I remember the DVD boom of the late nineties to mid aughts. I was in college. I was at Best Buy probably every weekend like a kid in a candy store. So many studios were releasing their catalogues to DVD and, for ten bucks a pop, I could buy movies that I hadn’t been able to rent since my childhood. Remember, this is the era of early internet, no streaming and peak Blockbuster Video where most of their stock was two-hundred copies of the same three new releases. If it was a movie older than fifteen years and wasn’t a “classic”, good luck finding it. I remember one particularly fruitful night where I walked out of Best Buy with Big Trouble in Little China (1986), Critters (1986), The Goonies (1985), Killer Klowns from Outer Space (1988), Fright Night (1985), Revenge of the Nerds (1984) and The Lost Boys (1987). I used scholarship money and had to eat nothing but ramen for three weeks to stay in budget but you didn’t hear me complain. Noodles and movies is a happy Double K.

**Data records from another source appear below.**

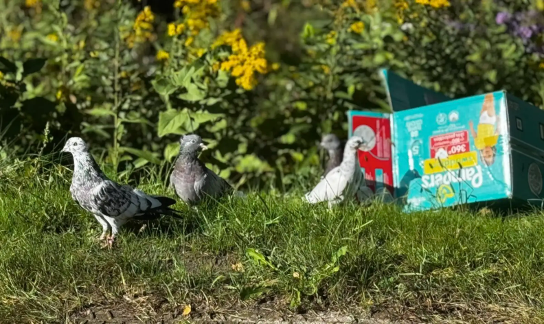 A large diaper box sat overturned on the side of the road — and next to it, a cluster of white and gray pigeons huddled together in confusion.
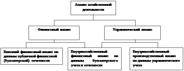Финансовый анализ является частью общего, полного анализа хозяйственной деятельности, который состоит из двух тесно взаимосвязанных разделов: финансового анализа и производственного управленческого анализа (рис. 1).
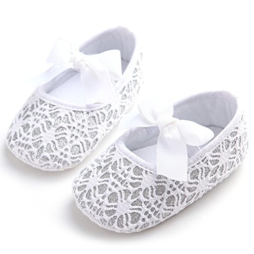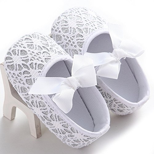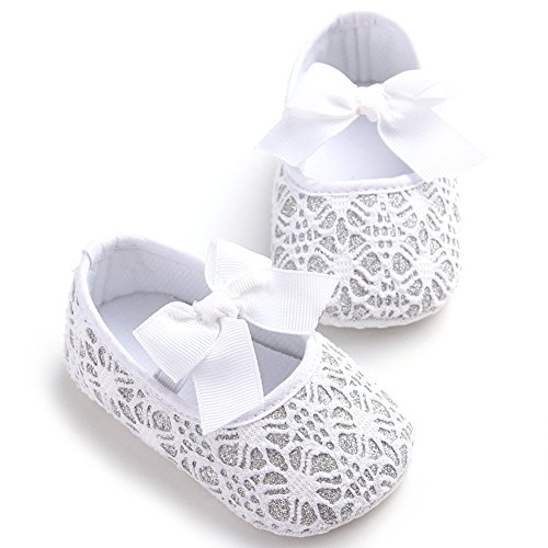 ファーストシューズ ベビーシューズ ベビー靴 可愛い 蝶結び 女の子 柔らかいソール 練習用 (L, シルバー)
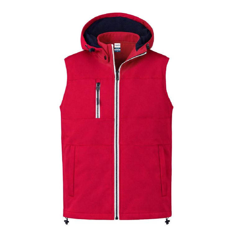 Vest made of durable and breathable 300g/m2 soft shell material. Modern fit with central zip, side pockets and practical chest pocket with zip fastenings and contrasting zip pullers. Stand-up collar with adjustable and detachable hood. Bottom hem with adjustable string. Wind and water resistant soft shell outside, and warm micro fleece lining in contrast colour. Available in sizes XS, S, M, L, XL, XXL.
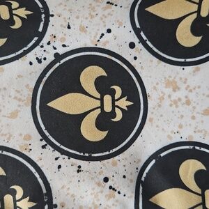 Boys New Orleans Saints short sleeve shirt with a fleur-de-lis pattern. Features a button-up front.
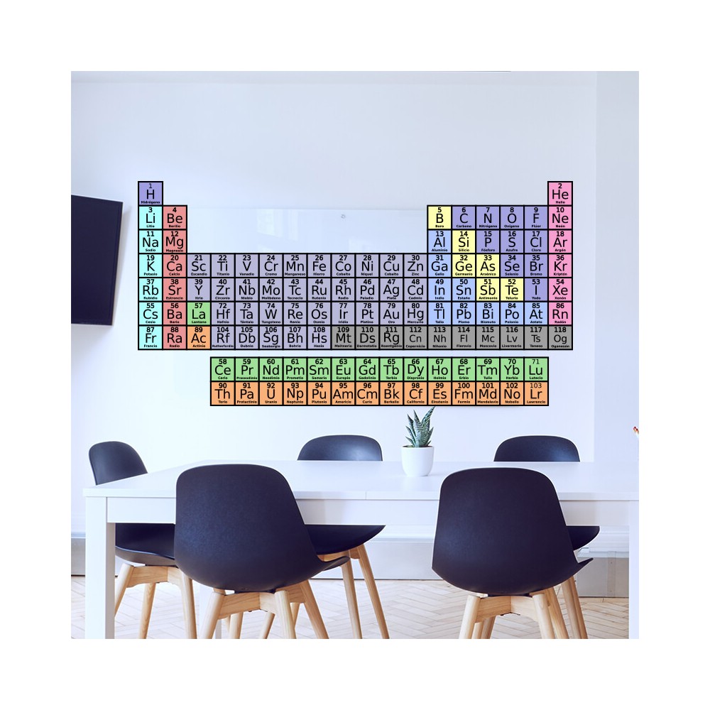 Vinilo educativo de una completa tabla periódica de los elementos donde aparecen todos los elementos químicos ordenados por números y sus propiedades. Con este gran vinilo de la tabla periódica elementos en la pared podrás repasar la tabla sin problemas con los compañeros de tu clase. Ideal también para colegios y laboratorios. En Español
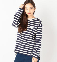 【送料無料】 幅広のボーダー柄がカジュアル感を加速する、Championコラボのトップスです。ユニセックスアイテムならではのほど良いルーズさがこなれ感をプラスします。柄になじむようカラーをあわせたロゴもポイントです。 ミューズ リファインド クローズ/MEW’S REFINED CLOTHES トップス|Tシャツ・カットソー
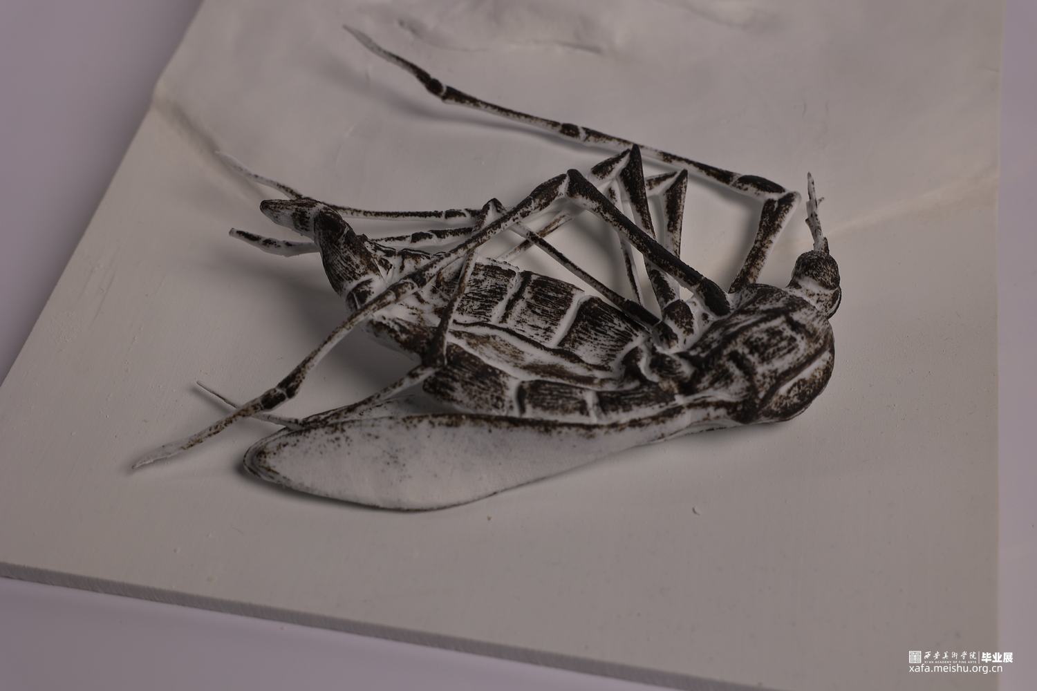 陶瓷材料在物质形态上接近永恒,但却极为易碎,试图用这种永恒的材料去定格一些转瞬即逝的事物,比如生命短暂的夏虫。
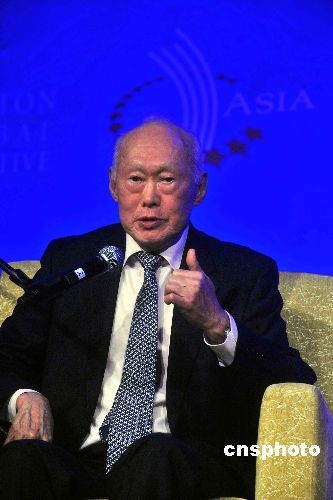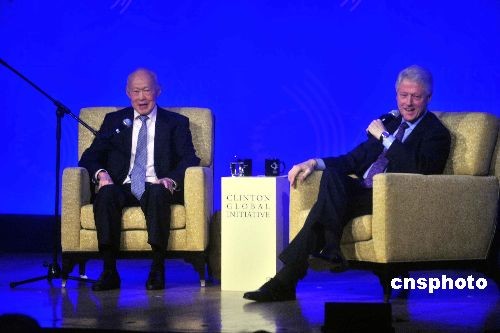 圖為克林頓與新加坡資政李光耀(左)進行對話。

Anywho, the movie I could never find was Monster Squad. And it drove me nuts. How was I finding every other piece of my childhood and not this one? Internet was emerging from infancy and it was something I googled constantly. Where is our goddamn Monster Squad DVD? What the documentary reveals is that this fan demand was solely responsible for one, getting a 2-Disc special edition DVD release of the film in 2007, and two, revealing to the actors and other filmmakers that this film is incredibly loved and has been ever since it was released. 

Gower documents countless meetings with fans, Alamo Drafthouse screening and there’s even a few celebrity talking heads gushing about their love for the movie, including Seth Green. The documentary has an overall format similar to Best Worst Movie (2009), another documentary where the lead actor, twenty years later, revisits the cast and time of a cult classic, Troll 2 (1990) but unlike Best Worst Movie which I found to, at times, be horribly awkward and sad, Wolfman’s Got Nards is an uplifting and sweet thank you letter to fans like me, who loudly demanded the internet gods do our bidding and put this piece of happiness back in the world.

Find Wolfman’s Got Nards today on BluRay and on demand.